Pertumbuhan Ekonomi 5 Persen Jokowi Gagal

Safari
Pertumbuhan Ekonomi 5 Persen Jokowi Gagal
Peneliti ekonomi dari Pergerakan Kedaulatan Rakyat (PKR) Gede Sandra

Jakarta, HanTer-- Peneliti ekonomi dari Pergerakan Kedaulatan Rakyat (PKR) Gede Sandra mengatakan, Presiden Jokowi Widodo (Jokowi) yang menjanjikan pertumbuhan ekonomi 7 persen, namun  kenyataannya hanya 5 persen. Hal ini menunjukkan kegagalannya dalam bidang ekonomi. Pertumbuhan ekonomi Indonesia yang cuma 5 persen ini bila dibandingkan dengan seluruh negara di dunia maka Indonesia menduduki peringkat ke -35.

Oleh karena itu tidak tepat bila membandingkan pertumbuhan ekonomi Indonesia dengan negara-negara maju, seperti yang sering disampaikan pemerintah, yang berpendapatan tinggi seperti G-20. Padahal pertumbuhan ekonomi 5 persen tidak cukup untuk meningkatkan pendapatan perkapita Indonesia ke level menengah-tinggi (US$ 3896-US$12025) versi Bank Dunia.

"Saat ini pendapatan perkapita per 2018 kita baru di US$ 3.877, atau masih di level menengah," jelasnya.

Kenaikan Harga

Pengamat ekonomi dari Asosiasi Ekonomi Politik Indonesia (AEPI), Salamuddin Daeng mengatakan, ada beberapa sebab yang menyebabkan ekonomi hanya tumbuh 5 persen, padahal sebelumnya dijanjikan 7 persen. Pertama, kebijakan Jokowi menekan daya saing industri melalui kebijakan kenaikan suku bunga, kenaikan harga energi BBM dan listrik.

"Akibatnya perusahaan gagal ekspansi bahkan banyak yang gulung tikar," ujar Salamudin Daeng kepada Harian Terbit, Senin (4/3/2019).

Kedua, sambung Salamudin, pemerintahan Jokowi gagal memberdayakan industri nasional dalam berbagai mega proyek infrastruktur. Saat ini mega proyek infrastruktur yang dibangun Jokowi banyak menggunakan barang barang impor. Sebagai contoh industri semen dan besi baja justru kinerjanya menurun di saat mega proyek infrastruktur digalakkan. Seharusnya mega proyek infrastruktur menggunakan komponen lokal.

Ketiga, pemerintah Jokowi gagal menggerakkan daya beli masyarakat. Saat ini konsumsi cenderung melemah dalam empat tahun terakhir. Padahal ekonomi Indonesia 53-55 persen digerakkkan oleh konsumsi masyarakat. Pelemahan konsumsi ditunjukkan oleh melemahnya permintaan. Akibatnya inflasi rendah dalam satu tahun terakhir. Bahkan awal tahun 2019 malah terjadi deflasi. Artinya konsumsi menurun drastis.

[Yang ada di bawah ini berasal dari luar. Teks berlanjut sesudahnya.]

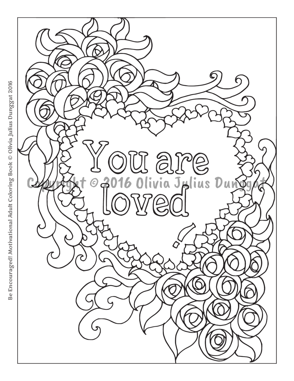 Be Encouraged! Motivational Adult Coloring page contains a whimsical hand drawn original design with short motivational quote for you to color. This coloring page is suitable for all skill levels.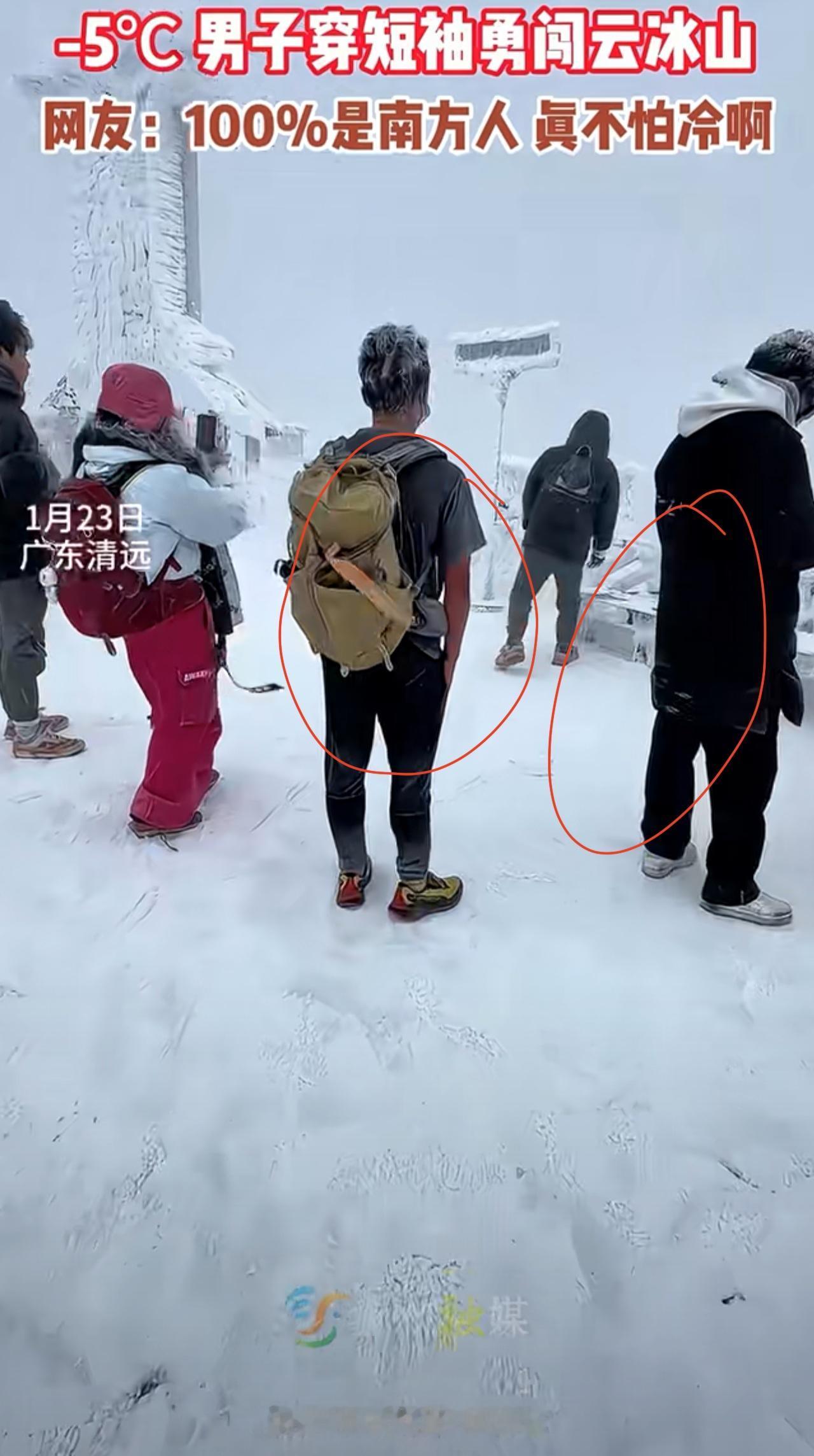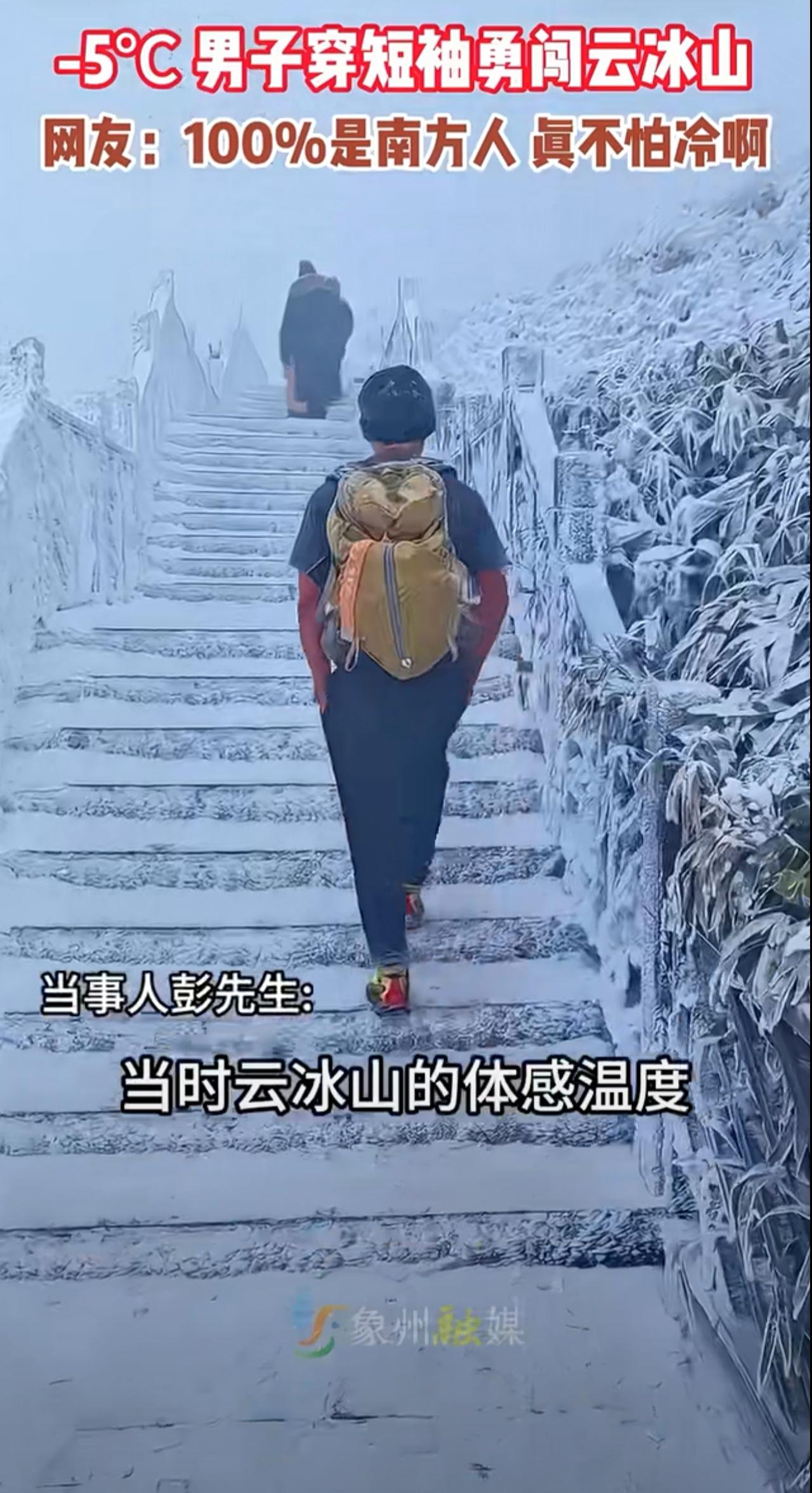 别人都是大棉袄二棉裤,他确穿个短袖! -5℃的云冰山,体感直逼长白山! 这位短袖大哥直接拿捏 网友:就问你服不服? 广东男子表示:“常年这样穿着,习惯了短袖,天天保持运动就好,当时云冰山体感温度接近长白山,虽然是零下5度,但是是零下20℃的体感。” 但是怎么看他皮肤都红了, 证明熟了 。 就像螃蟹和虾被开水烫过会变红。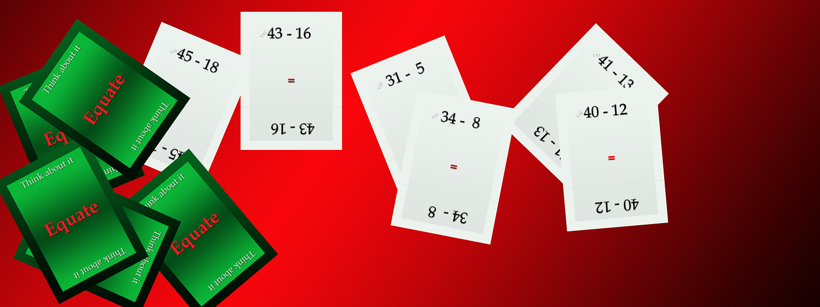 I made this game because my son did not enjoy memorizing his addition and subtraction facts for school. The arithmetic on these cards is more difficult to do, but he enjoys the challenge. When he's not doing the mental math, he uses his "math notebook" to write down the problems.

Keempat, pemerintahan Jokowi gagal meningkatkan perdagangan internasional dengan meningkatkan ekspor yang ditandai dengan ekspor yang terus menurun. Demikian juga impor menurun. Namun pada saat yang sama defisit perdagangan terus berlangsung. Ini menandakan keadaan ekonomi yang sangat buruk karena defisit terjadi di saat impor menurun dan ekspor menurun lebih besar.

Kelima, kinerja APBN juga tidak membaik. Penerimaan negara baik dari pajak maupun non pajak tidak meningkat signifikan. Bahkan jika APBN diukur dalam US dolar nilainya menurun drastis. Padahal belanja negara juga dialokasikan untuk membeli barang impor dan membayar utang dalam bentuk dolar. Sementara penerimaan negara jika diukur dalam dolar anjlok parah.

Pengamat kebijakan publik dari Indonesian Public Institute (IPI), Jerry Massie mengakui dari sisi pertumbuhan ekonomi memang Jokowi kalah sama pemerintahan SBY yang pertumbuhan ekonominya tembus rata-rata 6 persen. Padahal Jokowi berjanji pertumbuhan ekonomi anak naik 7 persen, tapi kenyataannya hanya 5 persen.

"Ada sejumlah menteri dibidang ekonomi yang kurang maksimal dan kinerjanya tak seperti yang diharapkan. Hal ini berakibat Jokowi tidak bisa menaikan janji pertumbuhan ekonomi sebesar 7 persen," ujar Jerry Massie kepada Harian Terbit, Minggu (3/3/2019).